Постучали и заглянули девочки, Лиса и Пантера. Знают, где меня искать.

Эртель вскочил, расплылся в улыбке. Как не улыбаться? Такие люди!

— Мы задержимся, Чижик, часика на два. Ты нам «Матушку» оставь, мы после работы сразу на дачу поедем. А то подожди, поедем вместе.

Дети, Ми и Фа — на даче. Бабушки — тоже на даче. Вот и Лиса с Пантерой тоже там ночуют. Я — временами. Мне там не очень уютно. Нет,    правительственная дача это хорошо, это замечательно, но я там гость. Пусть чуть-чуть, пусть слегка, но напряжен.

— Завтра. Дела поднакопились, — ответил я. — А «Матушку» берите, конечно.

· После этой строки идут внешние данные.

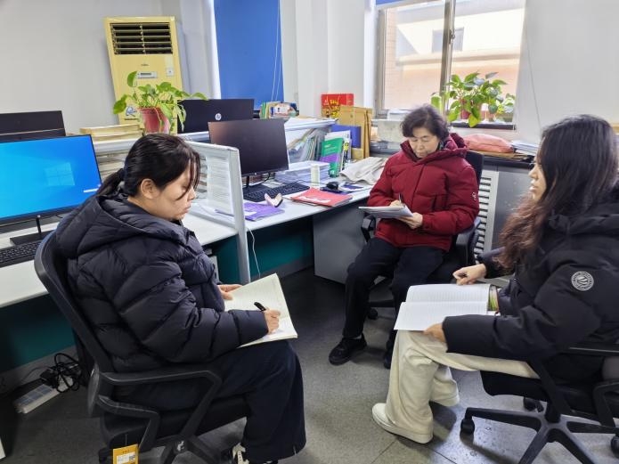 研讨环节中,全体教师围绕教学内容、方法与评价优化展开深入交流,共同确定了分层教学方案,明确了不同层次学生的目标与教学重点。此外,张老师还就新学期教学进度、备课、作业与考核安排做出具体部署,要求加强集体备课,用好智慧教学工具,注重课程思政与跨文化能力培养。
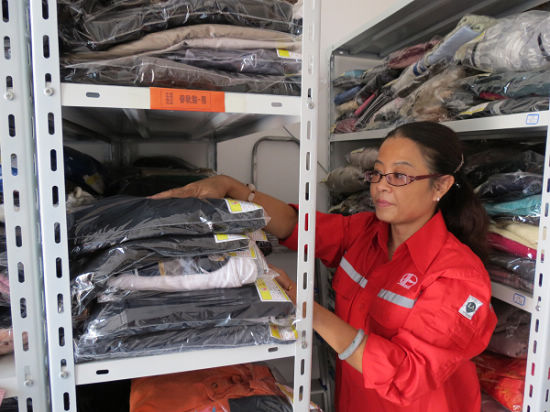 張俊在整理陽光義工服務(wù)社里愛心人士捐贈(zèng)的衣物。

«Матушка» — это «Волга» с фордовским мотором. Сейчас она одна на всех, «Жигули» девочек остались в Сосновке, а служебные машины в отпуске использовать нехорошо. Ольга и Надежда числятся в отпуске, а здесь работают по комсомольскому призыву. Как и я. Только если моя работа проходила в хирургическом отделении, то они трудились в диализных палатах, которым предстояло стать диализным отделением, во всяком случае, большое    больничное начальство к этому стремилось. Аппараты есть, но этого мало. Аппаратура — это топор, как в той сказке. Варить кашу из топора — дело непростое. Нужны крупа, соль, масло, чугунок, печь. Требуется соответствующее решение вышестоящих инстанций, изменения в штатном расписании, финансировании, и многое другое, о чём обыкновенный лечебник и понятия не имеет. Обыкновенный лечебник считает как? Обыкновенный лечебник считает, что главное — вылечить больного, а остальное приложится само собой, «барин сам увидит, что плоха избушка, и велит дать лесу».

Не приложится. Не даст.   Барина нужно убедить. «Доказать цифрами в руках», как говорят крепкие хозяйственники. Чтобы увидел пользу,    и вместо своры борзых потратился бы на нужды мужиков и баб. С деньгами-то у барина не сказать, что преизобильно. Чего нет, того нет.

Такси ждать не заставило. Сел, да поехал — эх, хорошо! Не нужно смотреть на дорогу, следить за движением, шофер — профессионал, доставит в целости и в срок. Можно вздремнуть, можно подумать.

Больница — сложное хозяйство. Многому нас учили в институте, только не хозяйствованию. Организация здравоохранения преподносилась как данность: мол, наша система лучшая в мире, живем и не тужим: деньги получаем из госбюджета, и волчьи законы капитализма нас не касаются. Оно и так, и не так: во-первых, денег вечно не хватает, а ещё больше не хватает конкретного наполнения этих денег: ведь не деньгами же лечим больных, не трешками и пятерками. Нужны медикаменты, нужны инструменты, нужны стройматериалы для ремонта, нужна мебель, нужно белье, одежда, обувь, запчасти, резина, много чего нужно. А получить удается не всегда. И в недостаточном количестве. Качество тоже порой не соответствует растущим запросам советских граждан.    Ну, и об учете и контроле забывать нельзя, везде глазок-смотрок нужен.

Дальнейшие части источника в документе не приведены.